All of the data below should be printed again word for word, pictures excluded.
**** Dataset extract ****
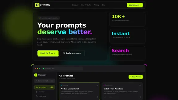 Mots-clés : Promptsy, générateur de prompts, bibliothèque de prompts, sauvegarder des prompts, organiser des prompts, gestion des versions, partager des prompts, prompts d'intelligence artificielle, bibliothèque de prompts personnelle, outil de gestion des prompts.
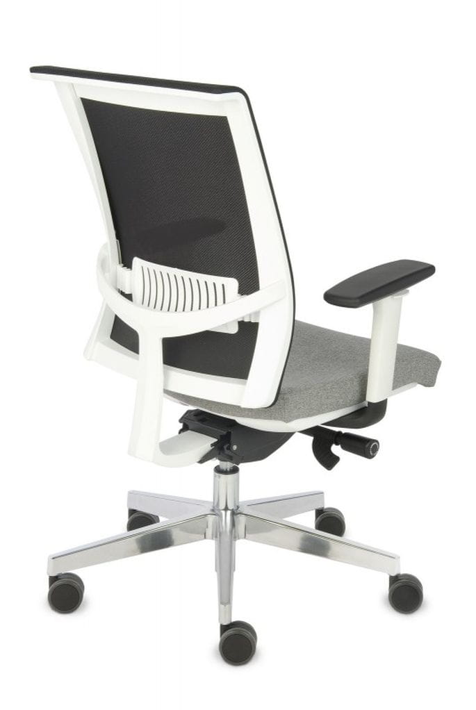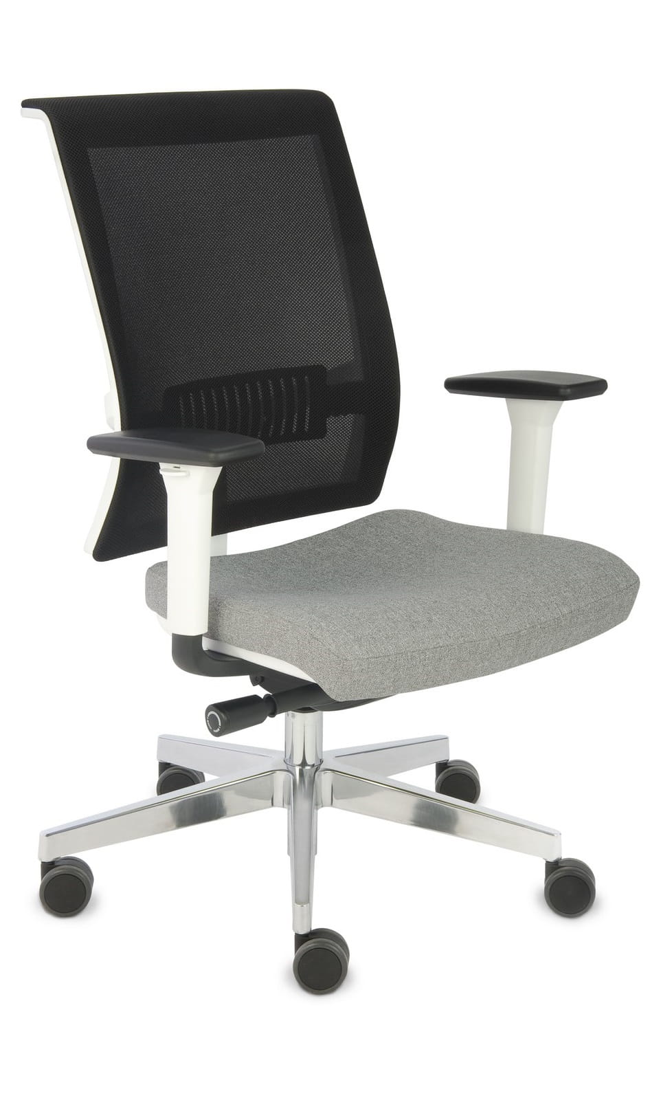 Oparcie : o stałej wysokości, tapicerowane oddychającą trudnozapalną siatką Runner o wysokiej odporności na ścieralność (70 tyś cykli Martindalea). Wyposażone w podpórkę lędźwiową o regulowanej wysokości. Symbol BS oznacza czarną ramę oparcia oraz opisaną już siatkę tapicerską. W przypadku zamówień kontraktowych istnieje możliwość wykonania oparcia w innym kolorze siatki.
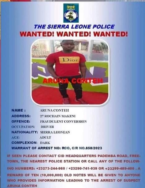 Despite extensive efforts, Aruna Conteh has not been apprehended. If you possess any information that could lead to his arrest, please contact any of the ACD numbers mentioned on the flyer. A reward of Le10,000,000 awaits the informant.
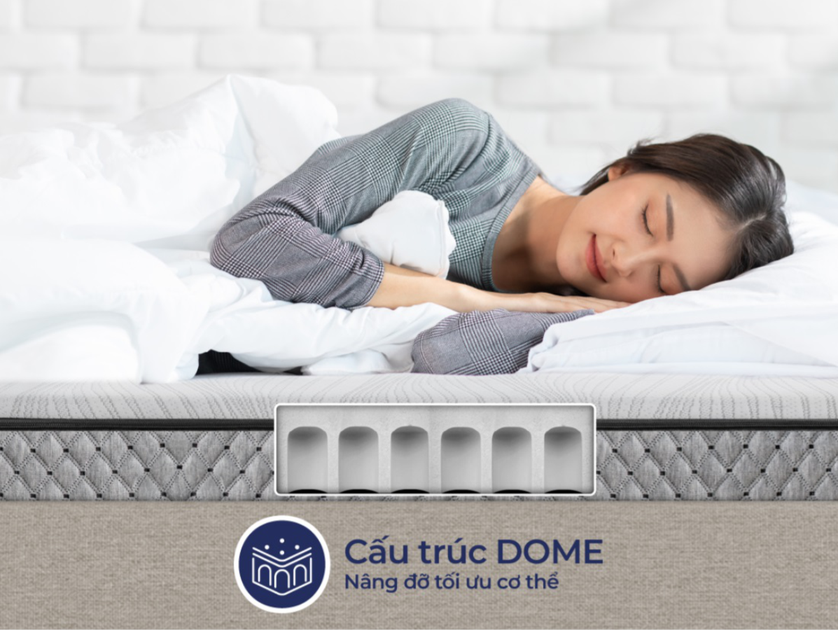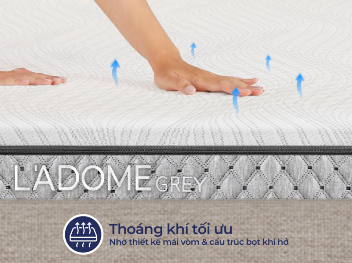Thiết kế mái vòm thúc đẩy lưu thông không khí, giúp duy trì môi trường ngủ mát mẻ và thoải mái, người dùng tránh được cảm giác hầm nóng, bí bách và giảm nguy cơ ra mồ hôi gây khó chịu trong khi ngủ.
****
**Response:**
 Mots-clés : Promptsy, générateur de prompts, bibliothèque de prompts, sauvegarder des prompts, organiser des prompts, gestion des versions, partager des prompts, prompts d'intelligence artificielle, bibliothèque de prompts personnelle, outil de gestion des prompts.
 Oparcie : o stałej wysokości, tapicerowane oddychającą trudnozapalną siatką Runner o wysokiej odporności na ścieralność (70 tyś cykli Martindalea). Wyposażone w podpórkę lędźwiową o regulowanej wysokości. Symbol BS oznacza czarną ramę oparcia oraz opisaną już siatkę tapicerską. W przypadku zamówień kontraktowych istnieje możliwość wykonania oparcia w innym kolorze siatki.
 Despite extensive efforts, Aruna Conteh has not been apprehended. If you possess any information that could lead to his arrest, please contact any of the ACD numbers mentioned on the flyer. A reward of Le10,000,000 awaits the informant.
Thiết kế mái vòm thúc đẩy lưu thông không khí, giúp duy trì môi trường ngủ mát mẻ và thoải mái, người dùng tránh được cảm giác hầm nóng, bí bách và giảm nguy cơ ra mồ hôi gây khó chịu trong khi ngủ.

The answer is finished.